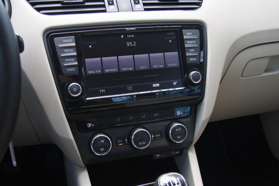 Στο εσωτερικό της νέας Octavia δεν λείπει κάτι που θα αναζητήσει ο αγοραστής ενός οικογενειακού αυτοκινήτου, ενώ συγκριτικά με την προγενέστερη αποπνέει περισσότερη πολυτέλεια. Το παχύ μαλακό πλαστικό που υπάρχει στο ταμπλό και στην κονσόλα, η γεροδεμένη κατασκευή, το προσεγμένο φινίρισμα αλλά και η μεγάλη οθόνη αφής των 5,8 ιντσών (προαιρετική με 200 ευρώ και στάνταρ στην Elegance) συνθέτουν την εικόνα ενός πολύ καλού μεσαίου αυτοκινήτου με premium χαρακτηριστικά. Μόνο ίσως στις επενδύσεις των θυρών θα θέλαμε λιγότερο πλαστικό και τμήματα από υφασμάτινες επενδύσεις. Στον τομέα των χώρων, η νέα Octavia είναι πλέον σαν Superb. Οι πίσω φιλοξενούμενοι κάθονται υπερ-άνετα, ενώ ο τεράστιος χώρος αποσκευών των 590 λίτρων με το πολύ μεγάλο άνοιγμα κάνει τις αποσκευές μιας οικογένειας να δείχνουν… λίγες.
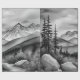 Black and white landscape painting of mountains
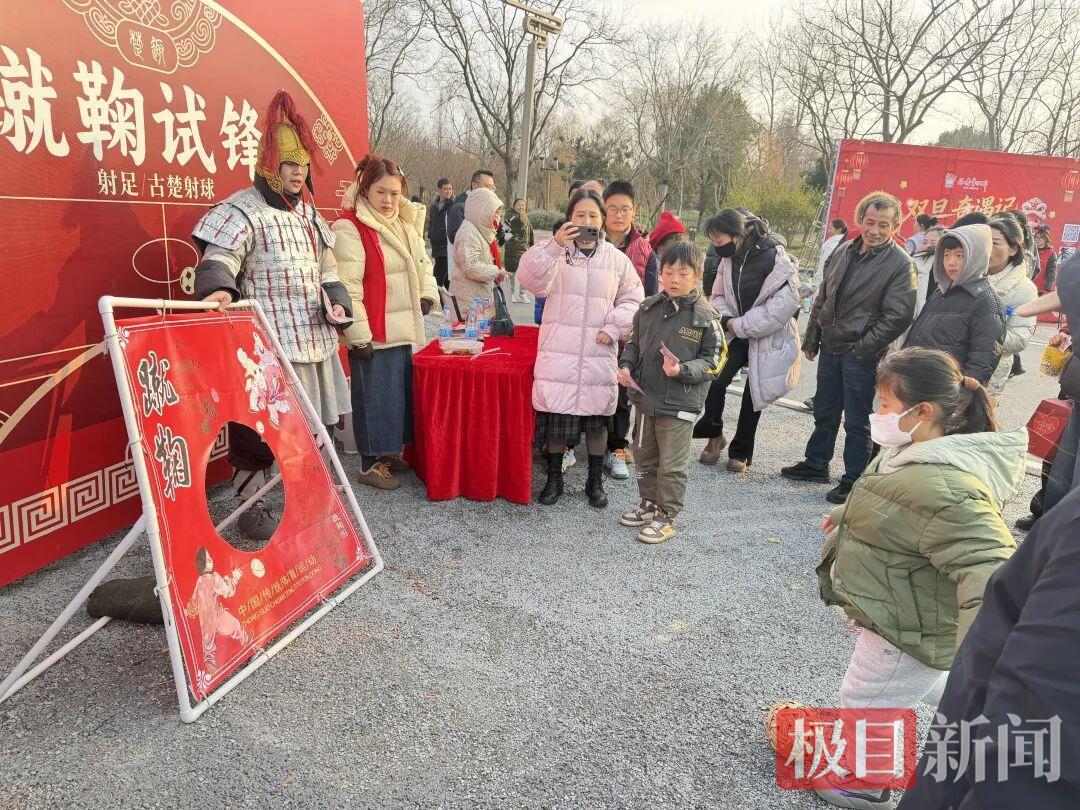 在日间活动现场,投壶、射箭、蹴鞠、楚谜、棋局等18项楚风竞技游戏吸引了市民和游客参与。参与者在“楚国竞技场”尽情体验传统运动的乐趣,不少家庭与朋友组队互动,欢笑声、助威声此起彼伏。
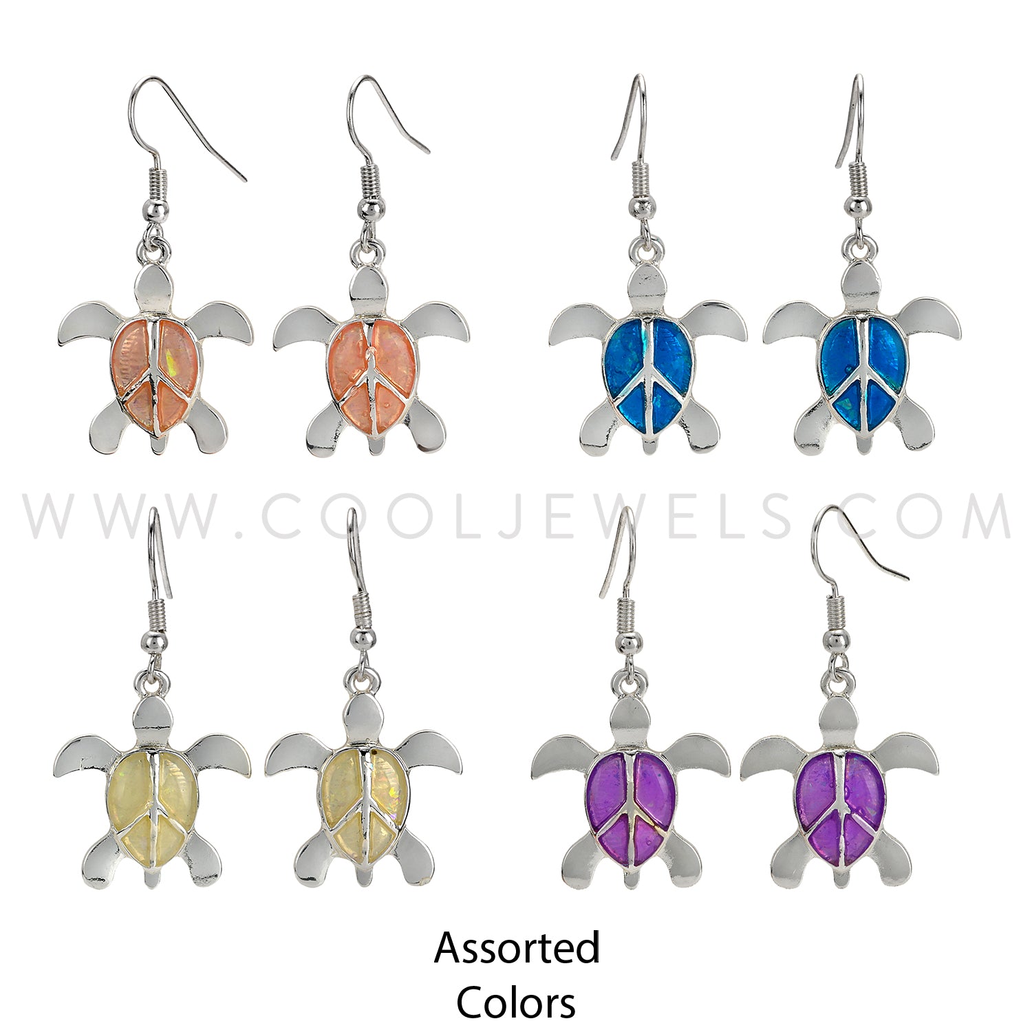 Each dozen of these Turtle Earrings comes in an assortment of pink, clear, purple, and blue earrings.

——————————

Reproduce the material above in full and without alteration, but skip all pictures.

## WRITTEN ANSWER
 Στο εσωτερικό της νέας Octavia δεν λείπει κάτι που θα αναζητήσει ο αγοραστής ενός οικογενειακού αυτοκινήτου, ενώ συγκριτικά με την προγενέστερη αποπνέει περισσότερη πολυτέλεια. Το παχύ μαλακό πλαστικό που υπάρχει στο ταμπλό και στην κονσόλα, η γεροδεμένη κατασκευή, το προσεγμένο φινίρισμα αλλά και η μεγάλη οθόνη αφής των 5,8 ιντσών (προαιρετική με 200 ευρώ και στάνταρ στην Elegance) συνθέτουν την εικόνα ενός πολύ καλού μεσαίου αυτοκινήτου με premium χαρακτηριστικά. Μόνο ίσως στις επενδύσεις των θυρών θα θέλαμε λιγότερο πλαστικό και τμήματα από υφασμάτινες επενδύσεις. Στον τομέα των χώρων, η νέα Octavia είναι πλέον σαν Superb. Οι πίσω φιλοξενούμενοι κάθονται υπερ-άνετα, ενώ ο τεράστιος χώρος αποσκευών των 590 λίτρων με το πολύ μεγάλο άνοιγμα κάνει τις αποσκευές μιας οικογένειας να δείχνουν… λίγες.
 Black and white landscape painting of mountains
 在日间活动现场,投壶、射箭、蹴鞠、楚谜、棋局等18项楚风竞技游戏吸引了市民和游客参与。参与者在“楚国竞技场”尽情体验传统运动的乐趣,不少家庭与朋友组队互动,欢笑声、助威声此起彼伏。
 Each dozen of these Turtle Earrings comes in an assortment of pink, clear, purple, and blue earrings.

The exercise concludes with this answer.